Each line below from the one containing "Le t-shirt Nina, c’est" through the one containing "extra reward !" is to be given again exactly, and no line outside that span.

(Available data)
"""

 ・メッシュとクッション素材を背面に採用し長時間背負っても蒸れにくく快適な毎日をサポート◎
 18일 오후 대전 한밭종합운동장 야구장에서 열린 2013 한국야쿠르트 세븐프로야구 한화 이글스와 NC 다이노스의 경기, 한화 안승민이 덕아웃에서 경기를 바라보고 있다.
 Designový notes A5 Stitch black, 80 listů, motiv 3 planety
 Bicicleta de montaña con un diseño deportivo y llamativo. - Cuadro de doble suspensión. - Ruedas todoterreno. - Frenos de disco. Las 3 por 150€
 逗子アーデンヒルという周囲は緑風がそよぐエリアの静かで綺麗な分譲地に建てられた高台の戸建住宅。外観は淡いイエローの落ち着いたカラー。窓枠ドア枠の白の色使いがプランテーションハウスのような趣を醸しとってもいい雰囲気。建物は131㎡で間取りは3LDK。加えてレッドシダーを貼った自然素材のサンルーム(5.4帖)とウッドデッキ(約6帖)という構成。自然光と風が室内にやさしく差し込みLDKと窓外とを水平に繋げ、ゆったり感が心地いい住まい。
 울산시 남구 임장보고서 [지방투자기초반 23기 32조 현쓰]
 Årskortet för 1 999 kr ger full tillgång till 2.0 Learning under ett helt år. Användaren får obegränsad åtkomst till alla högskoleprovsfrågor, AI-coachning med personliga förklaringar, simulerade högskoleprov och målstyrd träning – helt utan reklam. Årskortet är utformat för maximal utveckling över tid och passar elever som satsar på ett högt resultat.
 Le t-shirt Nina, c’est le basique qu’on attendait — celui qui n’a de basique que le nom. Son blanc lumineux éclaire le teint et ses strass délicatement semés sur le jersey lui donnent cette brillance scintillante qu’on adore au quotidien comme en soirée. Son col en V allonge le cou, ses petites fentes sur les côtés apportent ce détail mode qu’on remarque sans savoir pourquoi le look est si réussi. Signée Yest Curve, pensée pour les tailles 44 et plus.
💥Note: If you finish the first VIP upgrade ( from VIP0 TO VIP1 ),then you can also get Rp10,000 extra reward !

"""
"""

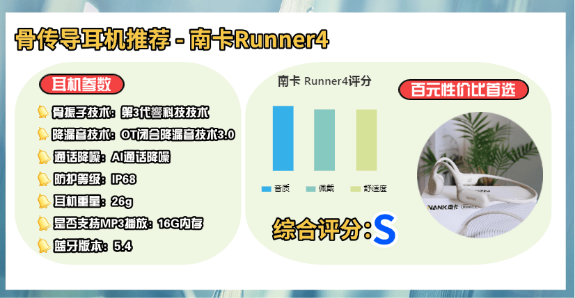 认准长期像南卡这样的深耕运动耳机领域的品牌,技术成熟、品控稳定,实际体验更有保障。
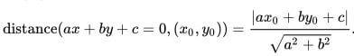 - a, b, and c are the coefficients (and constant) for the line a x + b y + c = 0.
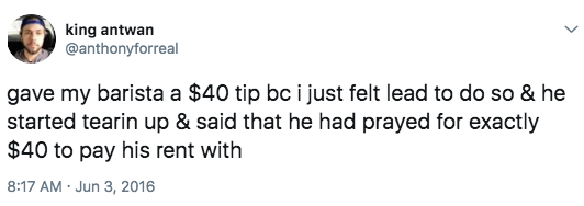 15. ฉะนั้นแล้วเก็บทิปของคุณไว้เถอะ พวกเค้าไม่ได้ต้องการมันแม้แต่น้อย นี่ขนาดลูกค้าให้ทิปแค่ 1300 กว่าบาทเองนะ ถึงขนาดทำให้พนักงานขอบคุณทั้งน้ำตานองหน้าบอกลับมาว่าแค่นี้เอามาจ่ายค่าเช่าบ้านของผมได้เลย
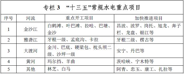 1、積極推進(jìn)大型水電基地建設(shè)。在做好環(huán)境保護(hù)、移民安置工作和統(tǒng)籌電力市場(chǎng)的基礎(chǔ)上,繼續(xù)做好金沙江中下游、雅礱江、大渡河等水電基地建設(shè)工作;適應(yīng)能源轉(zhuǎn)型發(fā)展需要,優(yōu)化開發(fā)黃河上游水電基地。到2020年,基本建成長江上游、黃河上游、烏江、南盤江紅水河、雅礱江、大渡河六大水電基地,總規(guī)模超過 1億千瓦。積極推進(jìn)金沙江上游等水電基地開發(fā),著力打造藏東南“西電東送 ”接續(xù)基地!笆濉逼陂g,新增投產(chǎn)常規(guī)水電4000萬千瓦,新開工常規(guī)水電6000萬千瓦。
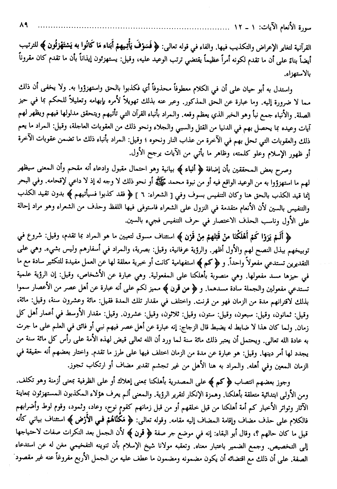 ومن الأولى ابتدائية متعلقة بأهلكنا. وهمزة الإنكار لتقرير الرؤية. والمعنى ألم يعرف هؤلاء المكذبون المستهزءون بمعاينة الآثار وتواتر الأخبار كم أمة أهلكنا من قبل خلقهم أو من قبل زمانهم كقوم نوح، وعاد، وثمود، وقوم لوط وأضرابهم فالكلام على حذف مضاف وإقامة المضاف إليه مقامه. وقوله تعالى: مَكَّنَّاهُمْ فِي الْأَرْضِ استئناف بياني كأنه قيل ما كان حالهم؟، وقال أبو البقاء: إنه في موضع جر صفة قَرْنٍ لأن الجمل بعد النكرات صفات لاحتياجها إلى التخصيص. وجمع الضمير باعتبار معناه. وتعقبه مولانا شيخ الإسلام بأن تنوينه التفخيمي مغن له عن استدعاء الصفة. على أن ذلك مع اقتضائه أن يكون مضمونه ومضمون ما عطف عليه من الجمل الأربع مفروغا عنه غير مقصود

"""
"""

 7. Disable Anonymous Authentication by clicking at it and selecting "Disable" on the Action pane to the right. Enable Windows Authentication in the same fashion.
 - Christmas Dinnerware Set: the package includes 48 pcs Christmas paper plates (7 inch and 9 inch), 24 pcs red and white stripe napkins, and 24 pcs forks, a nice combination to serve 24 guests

"""

(Task response)
 Le t-shirt Nina, c’est le basique qu’on attendait — celui qui n’a de basique que le nom. Son blanc lumineux éclaire le teint et ses strass délicatement semés sur le jersey lui donnent cette brillance scintillante qu’on adore au quotidien comme en soirée. Son col en V allonge le cou, ses petites fentes sur les côtés apportent ce détail mode qu’on remarque sans savoir pourquoi le look est si réussi. Signée Yest Curve, pensée pour les tailles 44 et plus.
💥Note: If you finish the first VIP upgrade ( from VIP0 TO VIP1 ),then you can also get Rp10,000 extra reward !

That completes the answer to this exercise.